The Jefferson Barracks Visitors Center housed the Missouri History Museum’s traveling civil rights exhibit — highlighting the history and resilience of Black lives in St. Louis — on Feb. 21.
Similar events have been hosted before by the county’s Parks and Recreation Department for Black History Month, particularly in North County, but this was the first held at Jefferson Barracks.
“It’s important to showcase what the region has to offer in the form of civil rights,” Jeffrey Edison, Jefferson Barracks Museum educator, said. “We have been kind of at the center of civil rights for so long. Lots of folks think about the Dred Scott case, but we have a lot more to offer. We have a prominent Black community that may not know a lot of these stories, especially within Jefferson Barracks itself. This has a history of Black men serving, Black women serving, so we wanted to bring that knowledge and showcase it to the community members here.”
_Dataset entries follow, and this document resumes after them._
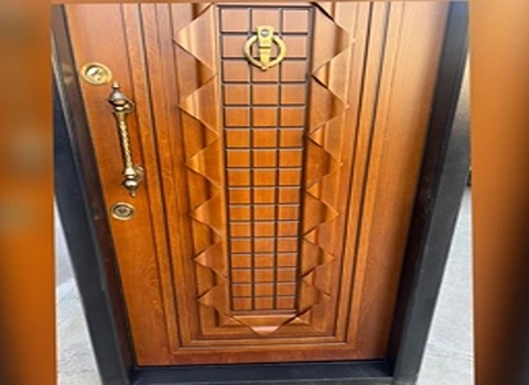 درب ضد سرقت رنگ عسلی از جنس فولاد ضد زنگ و چوب است.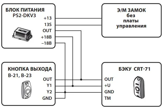 Схема подключения CRT-71 к блоку питания PS2-CDKV3, замку без платы управления и кнопке выхода B-21 (В-23).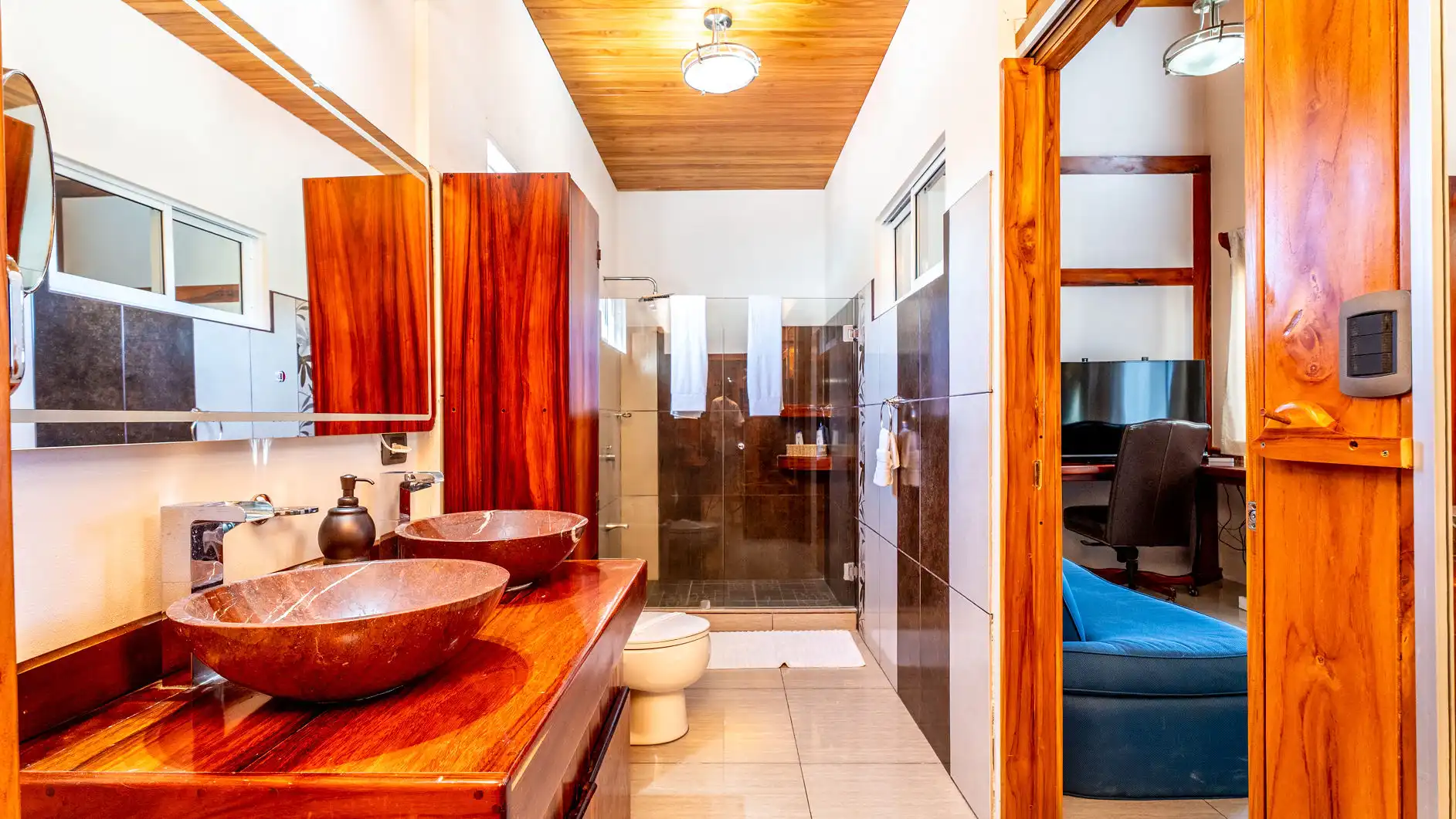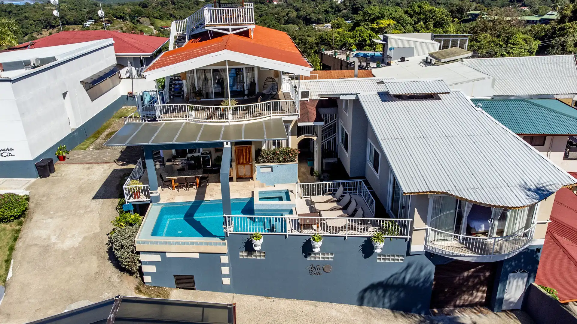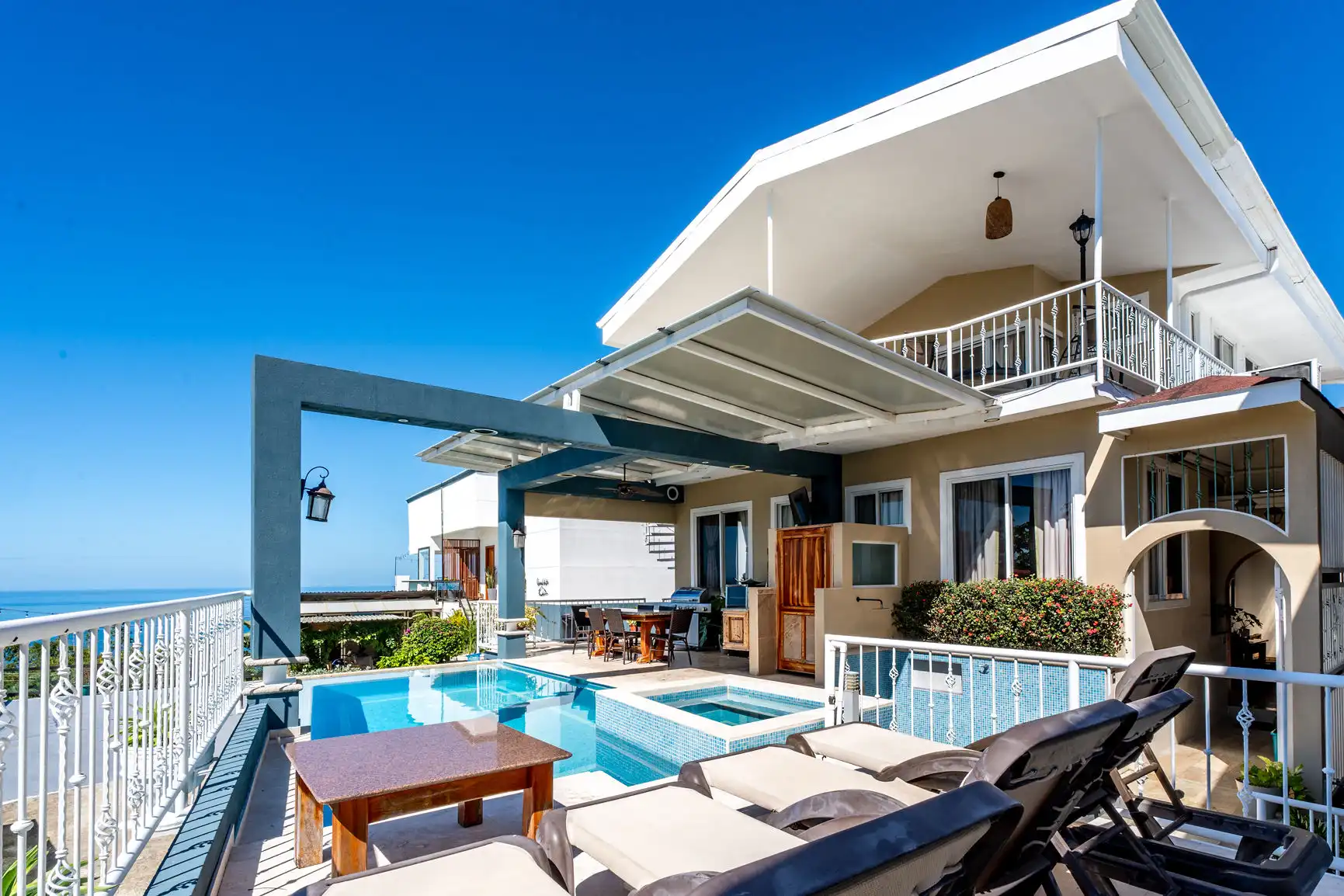 Spanning three spacious levels, the villa features six luxurious bedrooms, four full bathrooms, and two half baths—perfect for families, groups, or special occasions. The fully-equipped gourmet kitchen opens onto a stunning outdoor lounge, infinity pool, and grill area, making it effortless to enjoy meals with a view. Take a dip in the solar-filtered infinity pool, unwind in the Jacuzzi, or soak up the tropical ambiance from the Mirador, offering one of the most spectacular sunset views in Costa Rica.

Titled “1st in Civil Rights,” the exhibit ran from 9 a.m. through 4:30 p.m., with specific topics and themes discussed at various points throughout the day. Such topics included how local newspaper editors in the St. Louis Metro East created a collective memory of Martin Luther King Jr. after his assassination, the East St. Louis race riot and the Black community in St. Louis during World War I and World War II.
“It’s an important lasting impact,” Edison said. “This is a boots-on-the-ground movement. It starts with the young kids all the way up to your older generations, and I think there’s something in this exhibit for everyone.”